2021-07-06 Statusmeeting

Agenda for the joint NetarchiveSuite tele-conference 2021-05-06, 13:00-14:00.

Participants

  • BNF: Auriane, Clara, Sara
  • ONB: Andreas
  • KB/DK - Copenhagen: Tue, Stephen, Anders
  • KB/DK - Aarhus: Colin
  • BNE: José, Alicia
  • KB/Sweden: Pär, Peter

Update on NAS latest tests and developments

Questions : Will NAS 7.1 be released soon? When will we merge back to the official H3 release ? https://github.com/internetarchive/heritrix3/tags  

KB.DK: We are in the process of establishing our new production backend and expect to be ready to start installing NetarchiveSuite within a couple of weeks. We have made a number of minor improvements and bugfixes to our new backend functionality, but these are likely only of interest to ourselves. However this does mean that we will be making a 7.1 release very soon so please get your pull-requests in now!

7.1 will also feature some additional heritrix functionality which we pulled in directly from BL to our own Heritrix fork. Subesequently (and largely due to our queries about the subject) these additional features were also added to the community build of heritrix. But in the meantime our version had already diverged from the BL version. So we may not be able to make a smooth merge with the very latest community version in time for 7.1. But we can cherry pick anything essential such as the proposed revisit fix, or these can be made as pull requests to https://github.com/netarchivesuite/heritrix3 .

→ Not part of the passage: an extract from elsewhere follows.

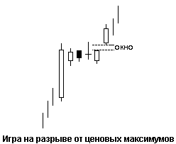 После резкого повышения цены в течение одной, двух торговых сессий рынок на время приостанавливается. На рынке начинается консолидация, в результате которой образуется группа свечей с маленькими телами, что свидетельствует о том, что рынок находится в нерешительности. Затем цена открытия образует ценовой разрыв вверх. Эта модель называется «игра на разрыве от ценовых максимумов». Ее название связано с тем, что цены колеблются вблизи недавнего максимума, а затем образуют ценовой разрыв вверх.
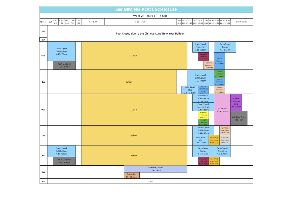 Swimming Pool Schedule – Week 24

The new functionality we have grabbed from BL is:

  1. sitemap extraction. Two extractors. One to grab sitemaps from robots.txt and one to parse them
  2. json extraction: One extractor to find url's in Json files

Status of the production sites

Netarkivet

BnF

Last week, we launched our "Auction house" crawl. The aim of this harvest is to crawl French auction houses websites and to archive information concerning current auction sales and auction results. This harvest is the result of a collaboration between the National Institute for Art History (INHA) and the BnF. About 200 websites have been selected.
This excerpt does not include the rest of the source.